## Task description:
Without the pictures, give the records again exactly as they appear.

::: Data for review :::

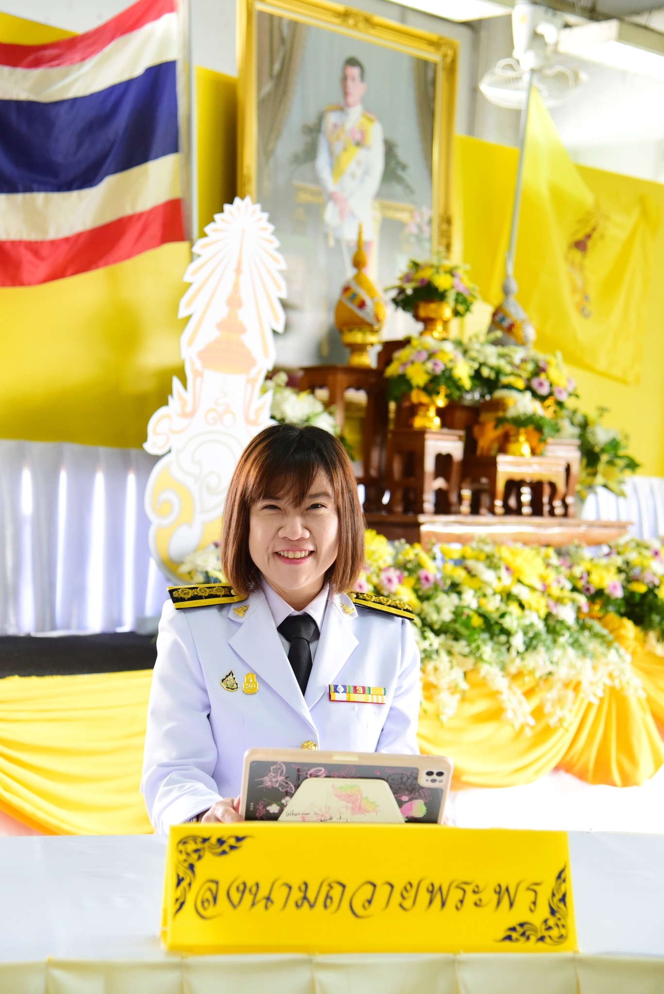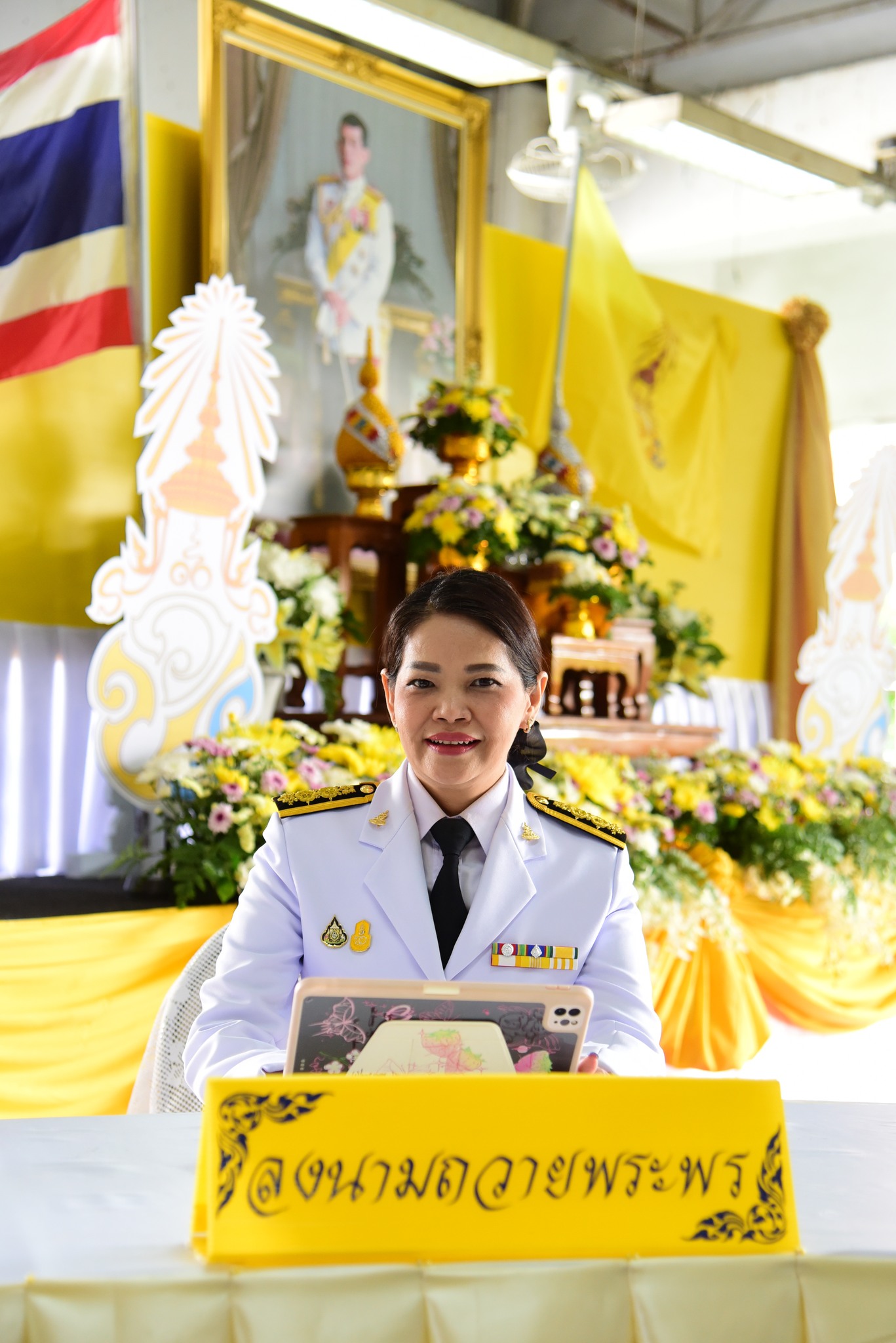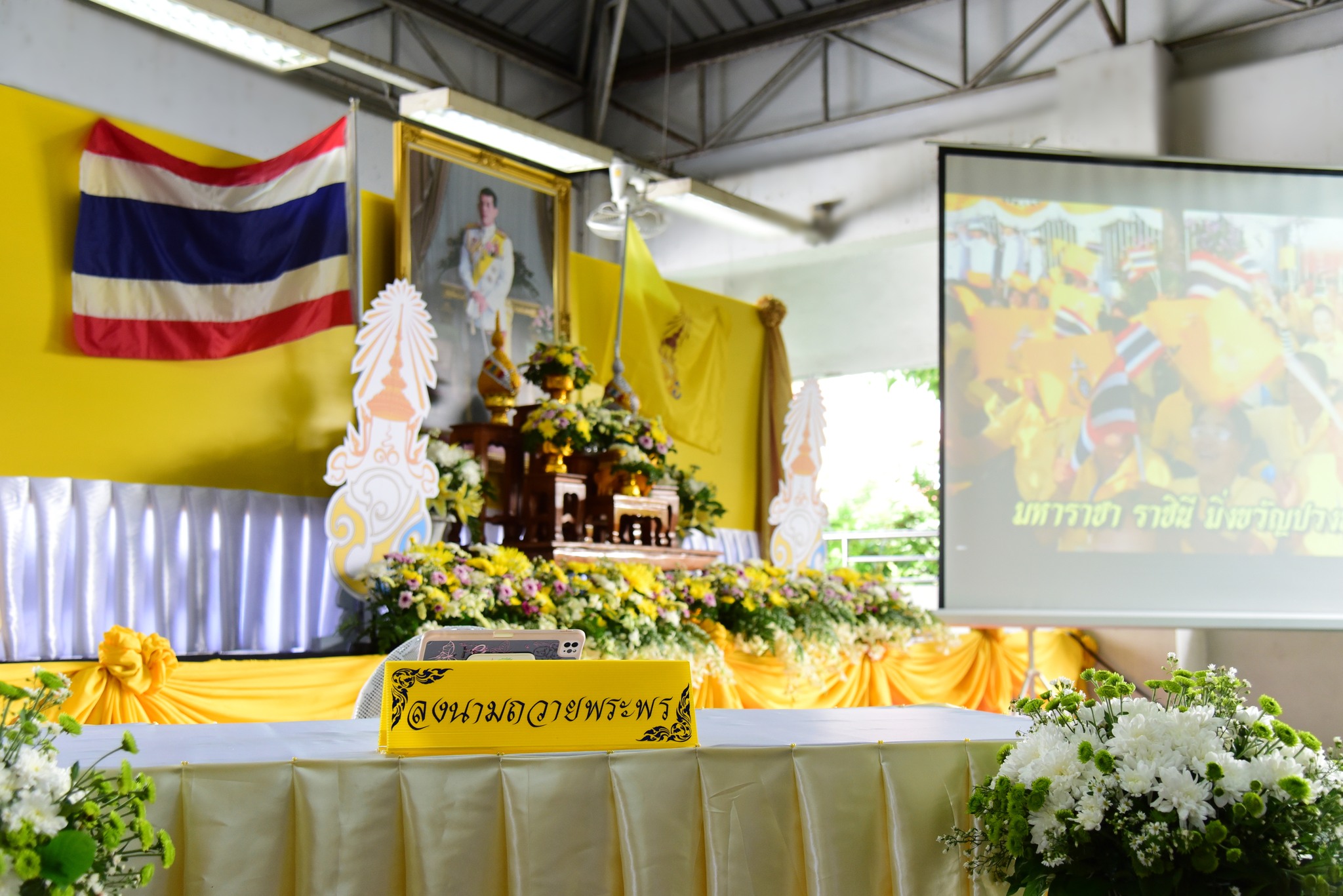 ในลำดับสุดท้ายประธานในพิธี พร้อมด้วยคณะผู้บริหาร ลงนามถวายพระพรชัยมงคลพระบาทสมเด็จพระเจ้าอยู่หัว ตามลำดับ
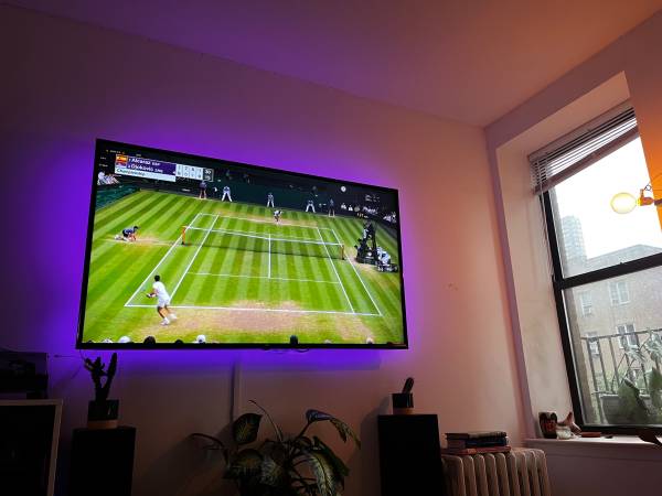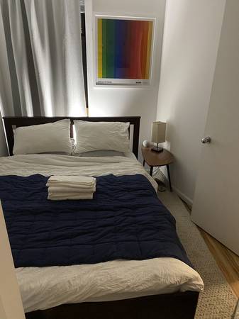 Fully furnished with brand new queen sized bed, 65 inch tv, dishwasher, 4 person sectional sofa, kitchen table, desk space with 2 monitors, electric piano, bar, full kitchen including convection oven and air frier, lobby area, music systems.
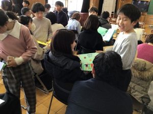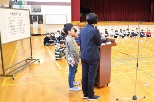 1月22日(木)5・6時間目に,4年生が「10歳を祝う会」を行いました。5時間目はクラス別に特別教室で一人一人「夢宣言」を行い,全員が発表した後に児童が保護者の席まで行ってメッセージカードを渡しました。6時間目は4年生と保護者が体育館に集まり,「認定証書授与」,続いて「学年合唱」,最後に保護者代表の方からお話がありました。大変素敵な会であったと同時に,4年生がとても「たくましく」感じました。10歳の節目において,4年生が心身ともに大きく成長したことを感じさせる会でした。
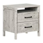 Add a modern touch and ample storage space near any bed with this Modern Washed Pine 2 Drawer Nightstand Cubby Storage Shelf. The 2 large drawers provide storage for all the items you donÂ’t have room for in your dresser. The open cubby space storage shelf can hold everything you need to have close at hand like a book for your nighttime reading.
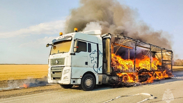 На трассе в Омской области сгорела фура
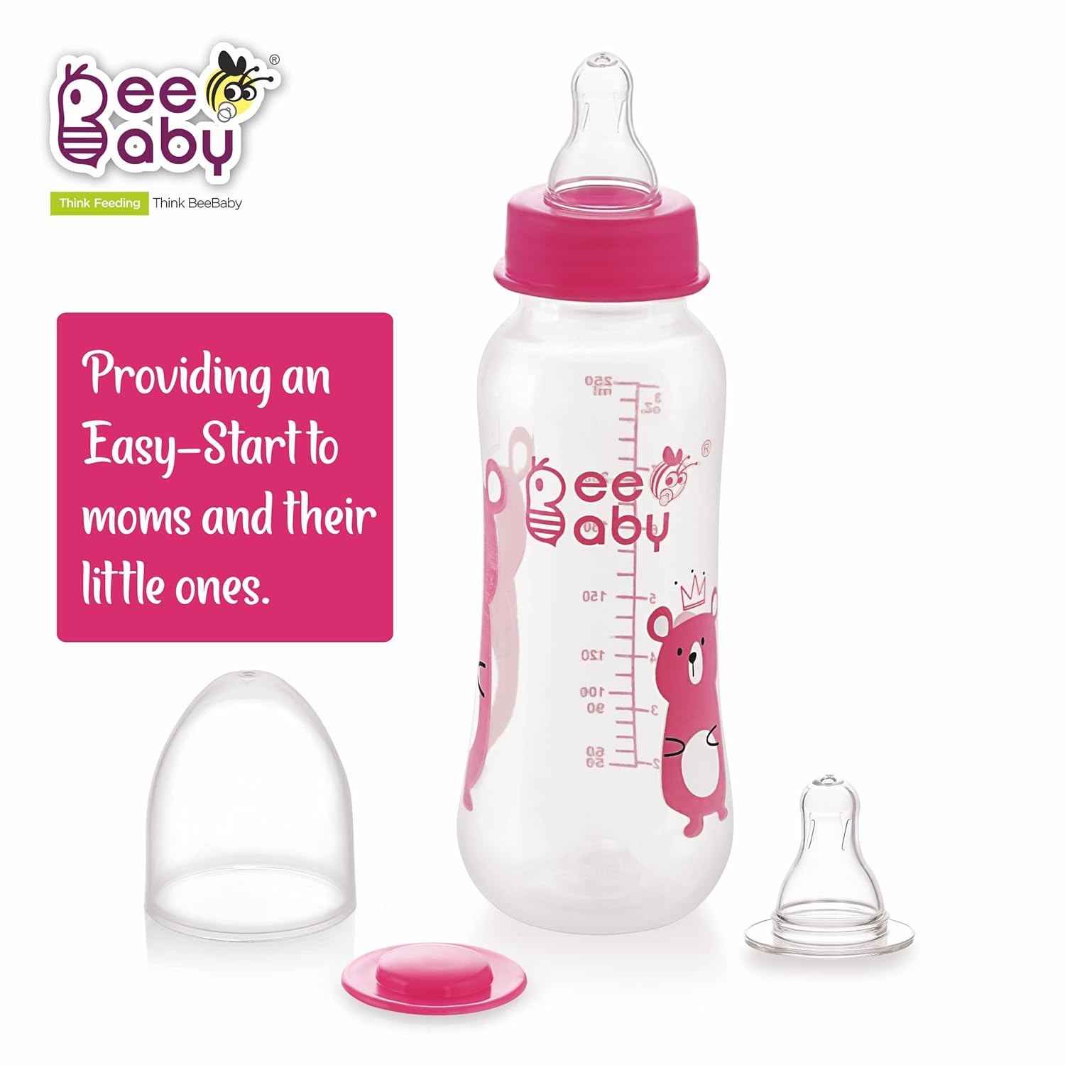 BeeBaby Easy Start Slim Neck Baby Feeding Bottle with 2 Anti-Colic Gentle Touch Silicone Nipples for New Born, Infant, Toddler, Babies, 100% BPA Free, 8 Months + (250 ML, Pink, Pack of 1)
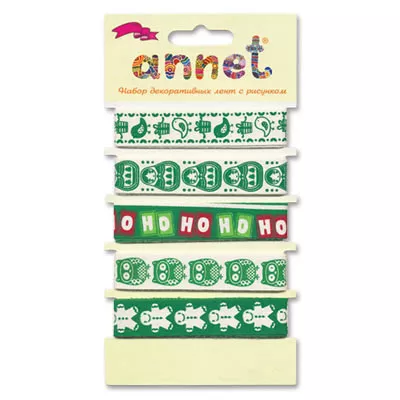 В наборе 5 лент с различными рисунками. Ширина 1,5 см, длина по 1 м

:::

## The completed task:
 ในลำดับสุดท้ายประธานในพิธี พร้อมด้วยคณะผู้บริหาร ลงนามถวายพระพรชัยมงคลพระบาทสมเด็จพระเจ้าอยู่หัว ตามลำดับ
 Fully furnished with brand new queen sized bed, 65 inch tv, dishwasher, 4 person sectional sofa, kitchen table, desk space with 2 monitors, electric piano, bar, full kitchen including convection oven and air frier, lobby area, music systems.
 1月22日(木)5・6時間目に,4年生が「10歳を祝う会」を行いました。5時間目はクラス別に特別教室で一人一人「夢宣言」を行い,全員が発表した後に児童が保護者の席まで行ってメッセージカードを渡しました。6時間目は4年生と保護者が体育館に集まり,「認定証書授与」,続いて「学年合唱」,最後に保護者代表の方からお話がありました。大変素敵な会であったと同時に,4年生がとても「たくましく」感じました。10歳の節目において,4年生が心身ともに大きく成長したことを感じさせる会でした。
 Add a modern touch and ample storage space near any bed with this Modern Washed Pine 2 Drawer Nightstand Cubby Storage Shelf. The 2 large drawers provide storage for all the items you donÂ’t have room for in your dresser. The open cubby space storage shelf can hold everything you need to have close at hand like a book for your nighttime reading.
 На трассе в Омской области сгорела фура
 BeeBaby Easy Start Slim Neck Baby Feeding Bottle with 2 Anti-Colic Gentle Touch Silicone Nipples for New Born, Infant, Toddler, Babies, 100% BPA Free, 8 Months + (250 ML, Pink, Pack of 1)
 В наборе 5 лент с различными рисунками. Ширина 1,5 см, длина по 1 м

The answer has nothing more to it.